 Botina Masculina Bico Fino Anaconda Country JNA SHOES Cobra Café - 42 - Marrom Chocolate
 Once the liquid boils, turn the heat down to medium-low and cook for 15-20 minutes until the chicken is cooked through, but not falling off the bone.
--
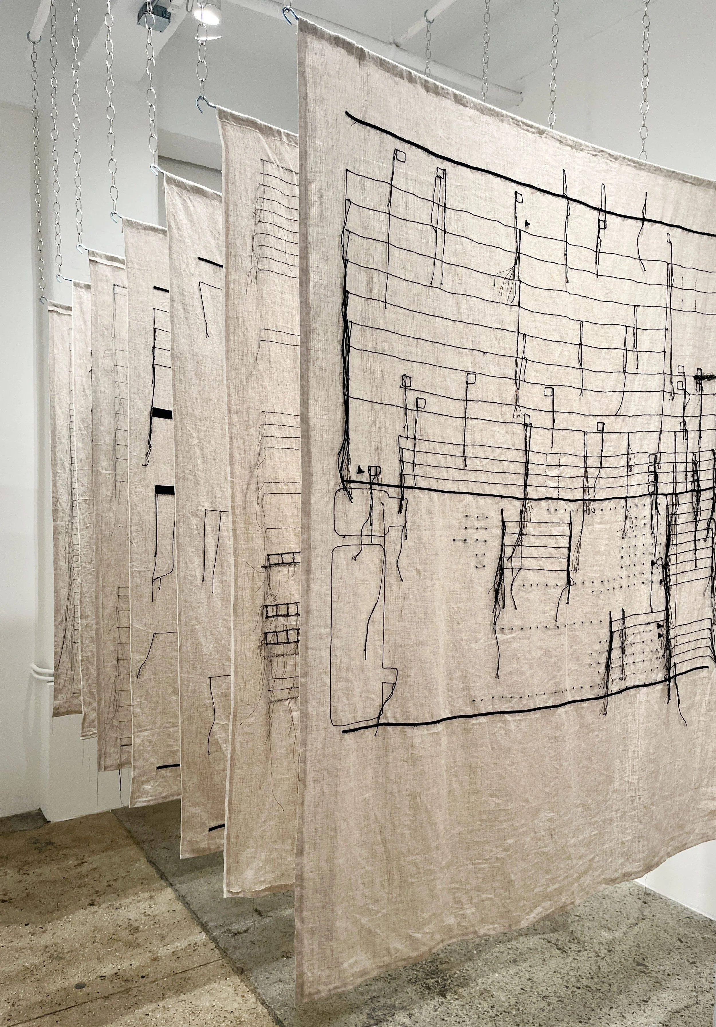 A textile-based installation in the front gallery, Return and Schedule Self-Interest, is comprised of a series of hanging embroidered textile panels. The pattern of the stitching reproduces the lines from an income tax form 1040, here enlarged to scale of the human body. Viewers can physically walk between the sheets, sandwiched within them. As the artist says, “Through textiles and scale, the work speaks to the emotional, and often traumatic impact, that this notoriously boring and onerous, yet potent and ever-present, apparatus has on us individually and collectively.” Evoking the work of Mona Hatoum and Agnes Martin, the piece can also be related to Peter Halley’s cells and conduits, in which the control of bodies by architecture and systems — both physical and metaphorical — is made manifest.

--- DESCRIPTION OF THE TASK ---
Copy the records above exactly, beginning at the line that contains "Botina Masculina Bico" and stopping after the line that contains "Once the liquid".

--- FINISHED EXERCISE ---
 Botina Masculina Bico Fino Anaconda Country JNA SHOES Cobra Café - 42 - Marrom Chocolate
 Once the liquid boils, turn the heat down to medium-low and cook for 15-20 minutes until the chicken is cooked through, but not falling off the bone.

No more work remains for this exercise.